Studies on the Lysine-Binding Sites of Human Plasminogen. The Effect of Ligand Structure on the Binding of Lysine Analogs to Plasminogen

Abstract

A method was described for measuring relative binding constants of lysine and its analogs to plasminogen and plasminogen kringle fragments. Plasminogen or kringle fragments adsorbed to lysine-Sepharose were eluted with increasing concentrations of lysine or other ligands, the concentration of ligand required to elute 50% of the protein being taken as a measure of the binding constant. The method is simple and was not dependent on monitoring conformational changes. Earlier reports were confirmed that the best ligands for the lysine binding sites of plasminogen are .omega.-amino acids containing 5 or 6 carbons. Glu-plasminogen (the native form with N-terminal glutamic acid) and Lys-plasminogen (a degraded form with N-terminal lysine), as well as the H chain fragments, kringle 4 and kringle 1 + 2 + 3, have very similar properties with regard to binding specificity for .omega.-amino acids.

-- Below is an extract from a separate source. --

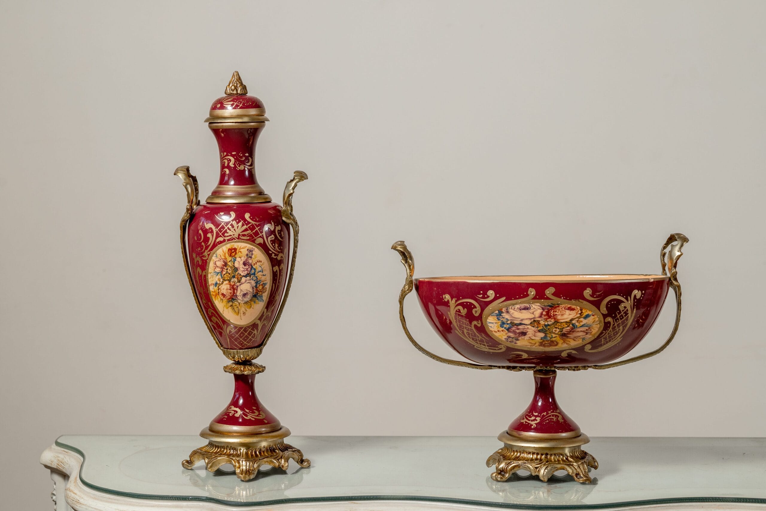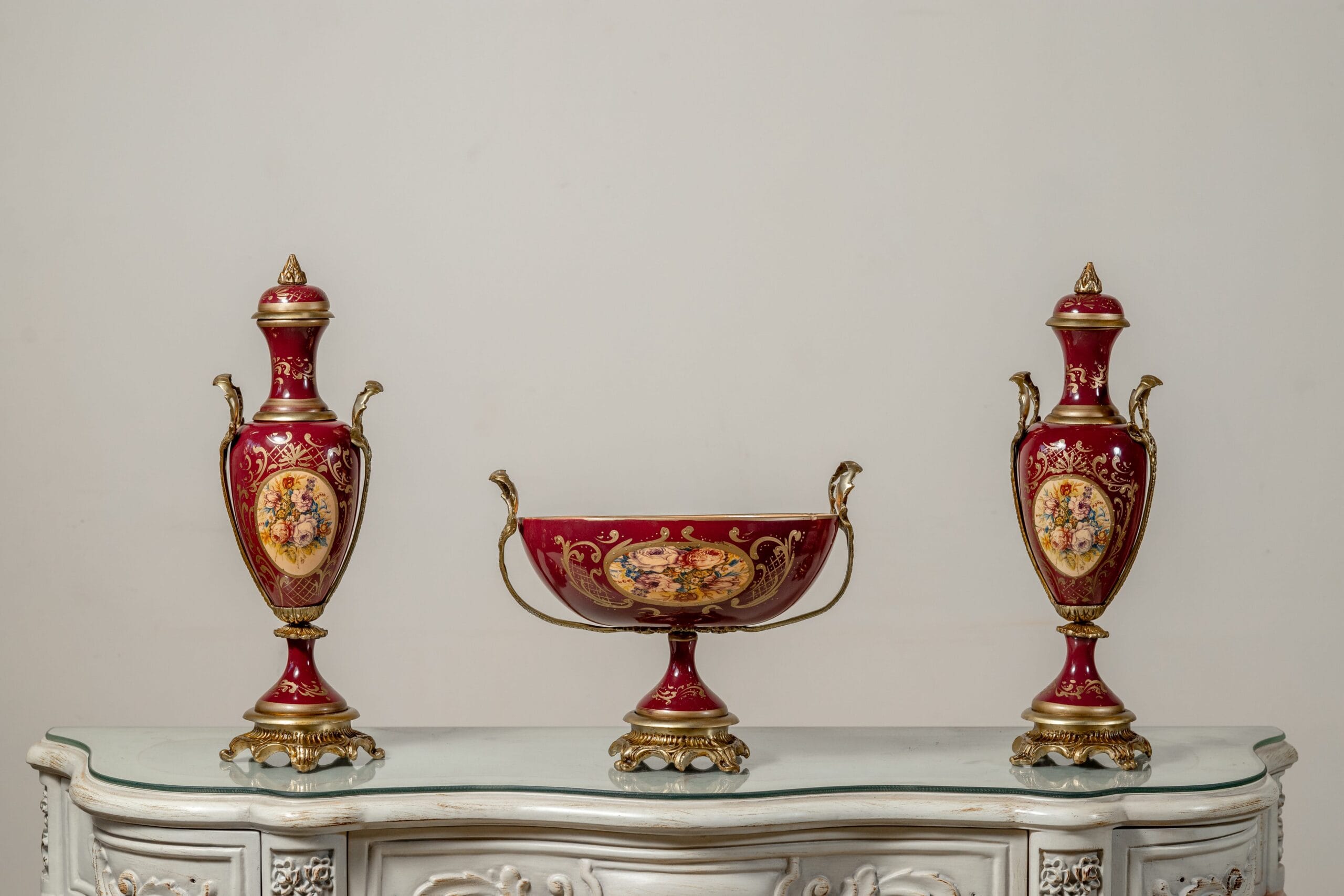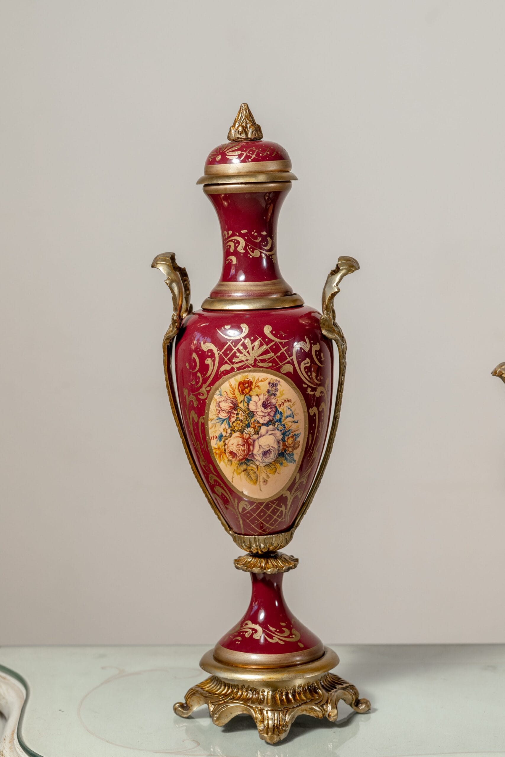 فازة سيفر بطراز تصميم فرنسي يجمع ما بين أناقة الرقبة الخزفية بطلاء أحمر داكن مُطعم برسم لمنظر طبيعي خلاب، مع بريق الإطار والقاعدة من النحاس المُزخرف يدوياً بلمسات فنية ومهارة عالية تتجسد في نقوش ساحرة بأنماط متنوعة.

For all species optimal binding was observed when the distance between the amino and carboxyl carbon was about 0.68 nm. The binding of ligands was decreased by the presence of polar atoms on the .alpha. and .beta. positions of the carbon chain of amino acids. Arginine bound relatively weakly at the lysine site and there did not appear to be a separate arginine binding site in plasminogen.